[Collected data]
####

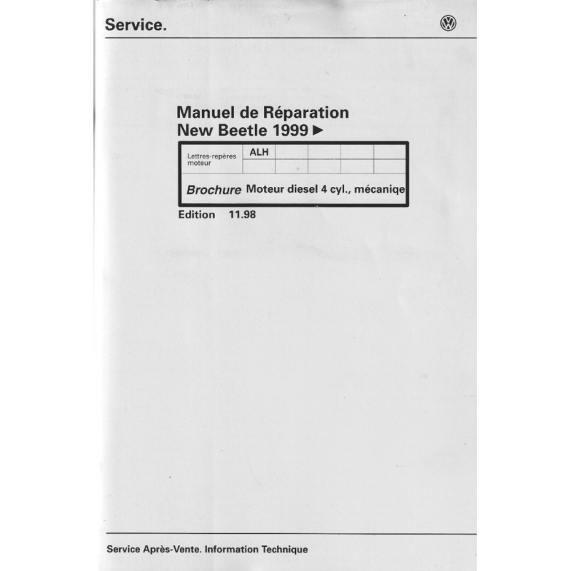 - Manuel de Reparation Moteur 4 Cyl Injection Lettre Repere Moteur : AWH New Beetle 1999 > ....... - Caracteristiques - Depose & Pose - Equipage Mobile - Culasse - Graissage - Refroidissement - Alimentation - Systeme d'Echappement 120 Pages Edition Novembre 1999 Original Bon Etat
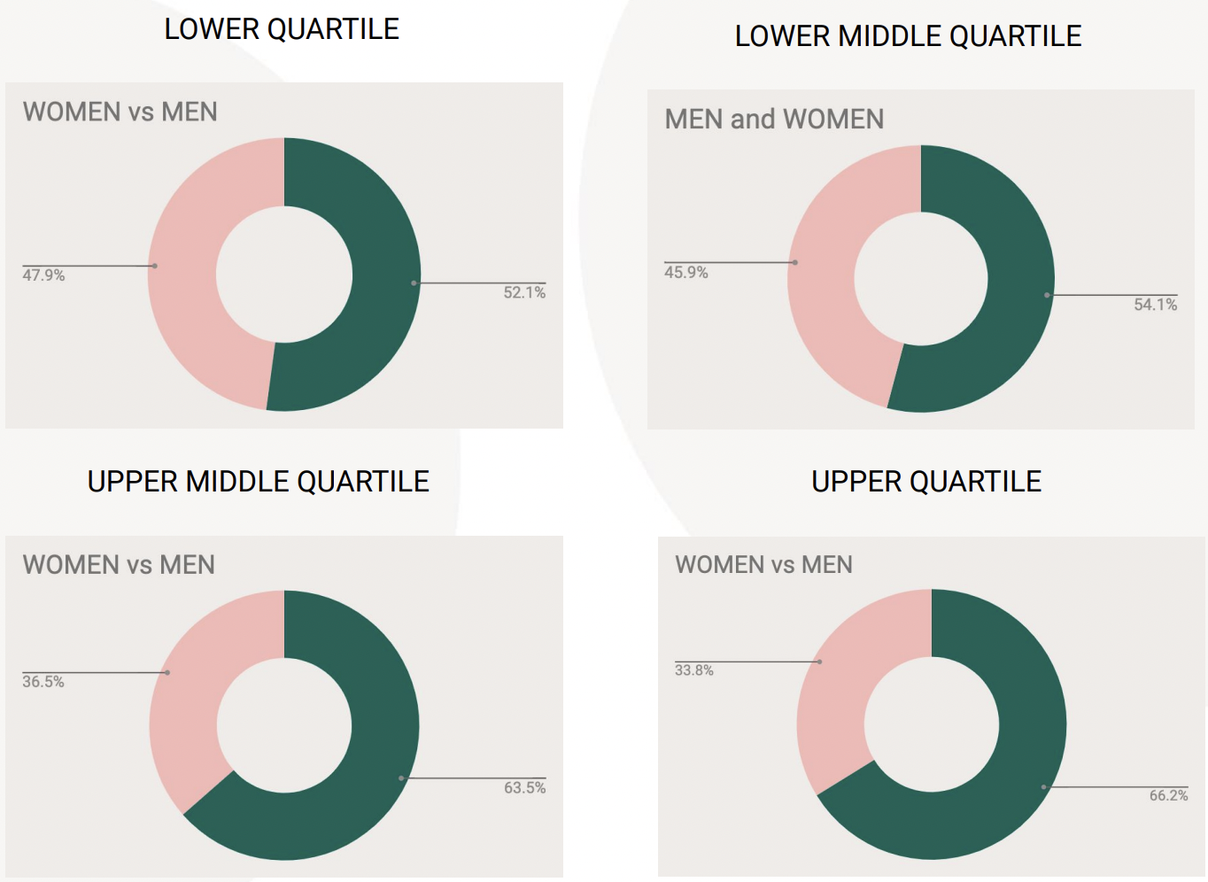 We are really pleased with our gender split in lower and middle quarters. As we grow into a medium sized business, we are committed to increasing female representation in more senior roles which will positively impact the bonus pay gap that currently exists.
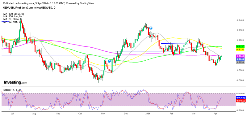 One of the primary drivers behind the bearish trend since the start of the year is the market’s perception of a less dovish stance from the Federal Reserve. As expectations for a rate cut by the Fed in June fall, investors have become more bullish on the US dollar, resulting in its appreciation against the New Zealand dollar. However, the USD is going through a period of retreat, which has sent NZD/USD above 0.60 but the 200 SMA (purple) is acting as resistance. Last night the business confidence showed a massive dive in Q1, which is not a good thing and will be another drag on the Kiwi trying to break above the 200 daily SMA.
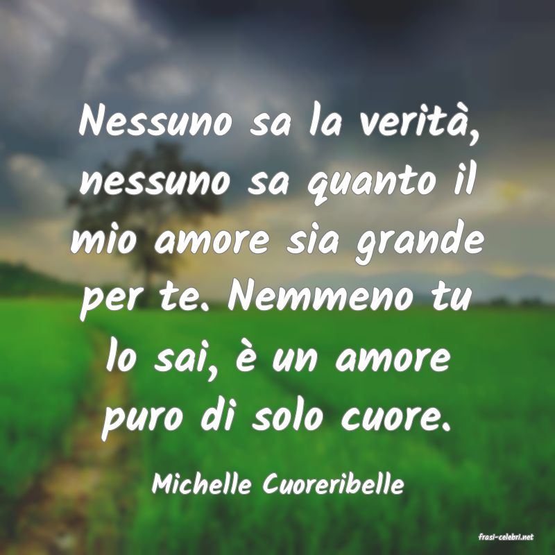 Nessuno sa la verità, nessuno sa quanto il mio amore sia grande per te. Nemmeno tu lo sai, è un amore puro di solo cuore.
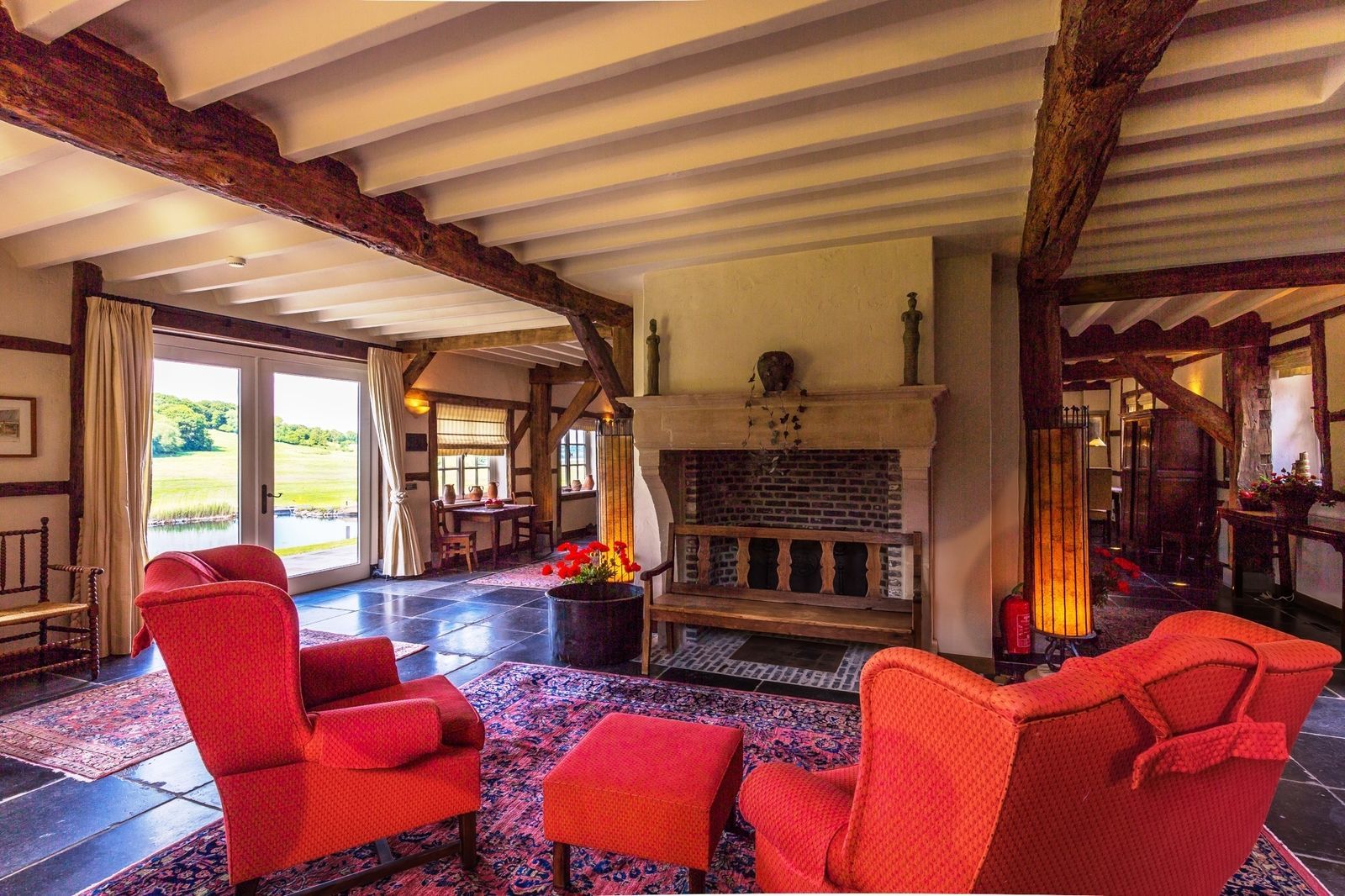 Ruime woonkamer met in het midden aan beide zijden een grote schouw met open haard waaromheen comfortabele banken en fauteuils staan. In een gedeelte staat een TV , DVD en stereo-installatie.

####

### Exercise details
A verbatim copy of the records is needed, with all images omitted.

### Result
 - Manuel de Reparation Moteur 4 Cyl Injection Lettre Repere Moteur : AWH New Beetle 1999 > ....... - Caracteristiques - Depose & Pose - Equipage Mobile - Culasse - Graissage - Refroidissement - Alimentation - Systeme d'Echappement 120 Pages Edition Novembre 1999 Original Bon Etat
 We are really pleased with our gender split in lower and middle quarters. As we grow into a medium sized business, we are committed to increasing female representation in more senior roles which will positively impact the bonus pay gap that currently exists.
 One of the primary drivers behind the bearish trend since the start of the year is the market’s perception of a less dovish stance from the Federal Reserve. As expectations for a rate cut by the Fed in June fall, investors have become more bullish on the US dollar, resulting in its appreciation against the New Zealand dollar. However, the USD is going through a period of retreat, which has sent NZD/USD above 0.60 but the 200 SMA (purple) is acting as resistance. Last night the business confidence showed a massive dive in Q1, which is not a good thing and will be another drag on the Kiwi trying to break above the 200 daily SMA.
 Nessuno sa la verità, nessuno sa quanto il mio amore sia grande per te. Nemmeno tu lo sai, è un amore puro di solo cuore.
 Ruime woonkamer met in het midden aan beide zijden een grote schouw met open haard waaromheen comfortabele banken en fauteuils staan. In een gedeelte staat een TV , DVD en stereo-installatie.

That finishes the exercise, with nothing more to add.